EXERCISE AIM:
Pictures aside, the output must consist of the lines from the one containing "The Stolen Star" through the end of the data, reproduced exactly.

INPUT DATA:
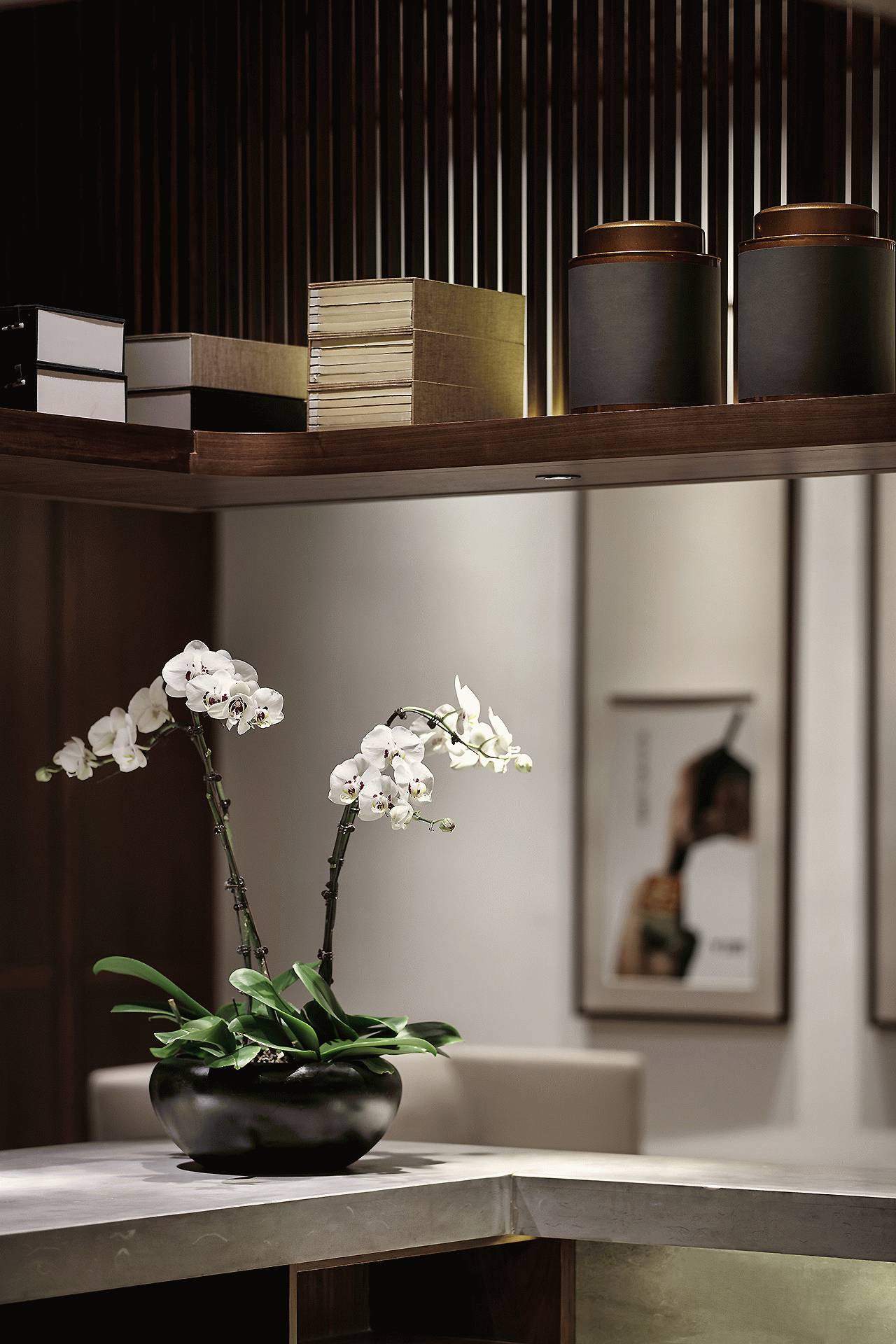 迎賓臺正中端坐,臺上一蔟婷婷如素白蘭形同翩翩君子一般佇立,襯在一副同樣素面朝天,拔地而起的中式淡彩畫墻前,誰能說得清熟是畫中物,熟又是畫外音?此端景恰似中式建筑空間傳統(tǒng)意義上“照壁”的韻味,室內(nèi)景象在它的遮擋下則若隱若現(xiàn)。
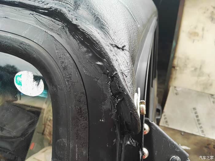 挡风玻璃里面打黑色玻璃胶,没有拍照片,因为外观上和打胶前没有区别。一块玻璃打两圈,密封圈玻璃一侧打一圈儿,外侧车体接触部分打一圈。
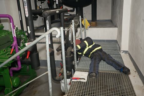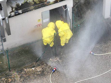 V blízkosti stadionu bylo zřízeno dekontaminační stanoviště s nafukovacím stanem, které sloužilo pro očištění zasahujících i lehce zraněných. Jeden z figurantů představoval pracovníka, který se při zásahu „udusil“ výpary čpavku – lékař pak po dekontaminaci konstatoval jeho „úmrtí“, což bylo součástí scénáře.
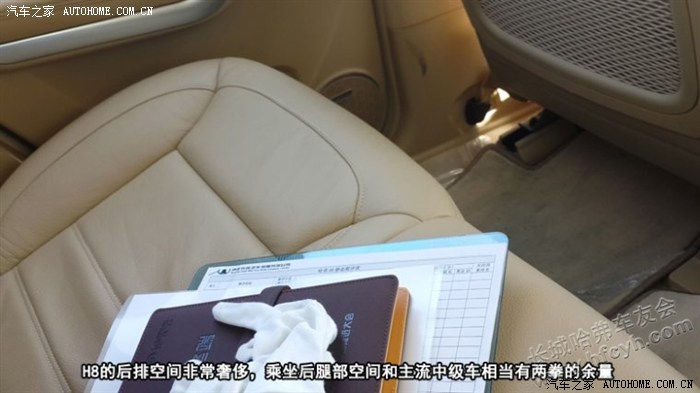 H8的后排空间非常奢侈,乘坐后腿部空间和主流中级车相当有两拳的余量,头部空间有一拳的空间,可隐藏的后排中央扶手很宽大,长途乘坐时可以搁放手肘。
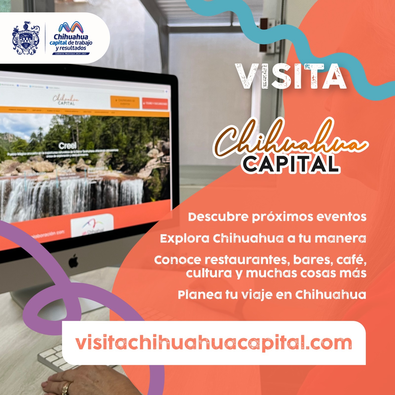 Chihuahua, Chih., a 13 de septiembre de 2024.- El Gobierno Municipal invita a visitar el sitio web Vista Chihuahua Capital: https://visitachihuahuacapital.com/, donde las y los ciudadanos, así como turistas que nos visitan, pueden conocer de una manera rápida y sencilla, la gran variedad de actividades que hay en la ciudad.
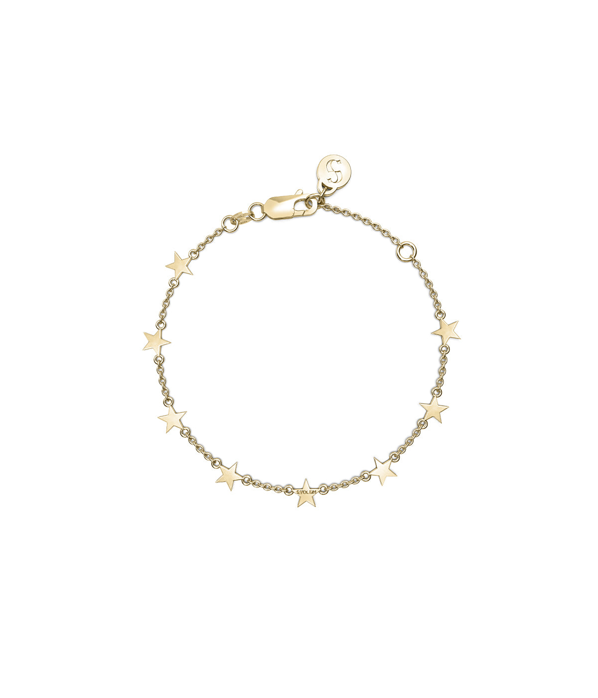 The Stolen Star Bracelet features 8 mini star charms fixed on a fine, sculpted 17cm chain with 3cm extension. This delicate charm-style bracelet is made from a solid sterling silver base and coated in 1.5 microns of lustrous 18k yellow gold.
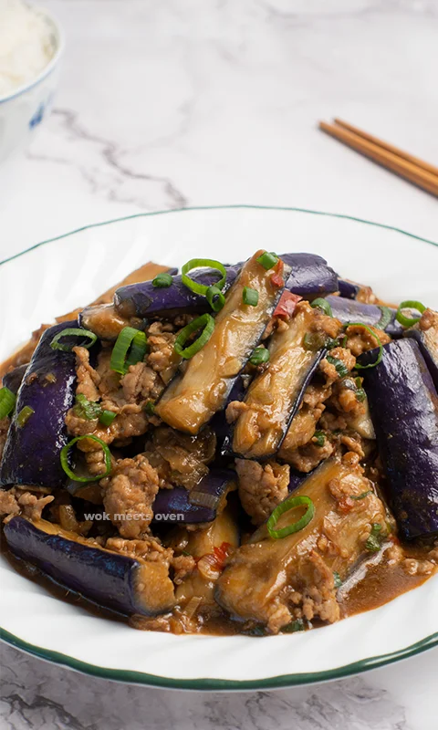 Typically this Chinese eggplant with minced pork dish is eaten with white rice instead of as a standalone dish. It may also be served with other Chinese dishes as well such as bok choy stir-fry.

OUTPUT FOR THIS EXERCISE:
 The Stolen Star Bracelet features 8 mini star charms fixed on a fine, sculpted 17cm chain with 3cm extension. This delicate charm-style bracelet is made from a solid sterling silver base and coated in 1.5 microns of lustrous 18k yellow gold.
 Typically this Chinese eggplant with minced pork dish is eaten with white rice instead of as a standalone dish. It may also be served with other Chinese dishes as well such as bok choy stir-fry.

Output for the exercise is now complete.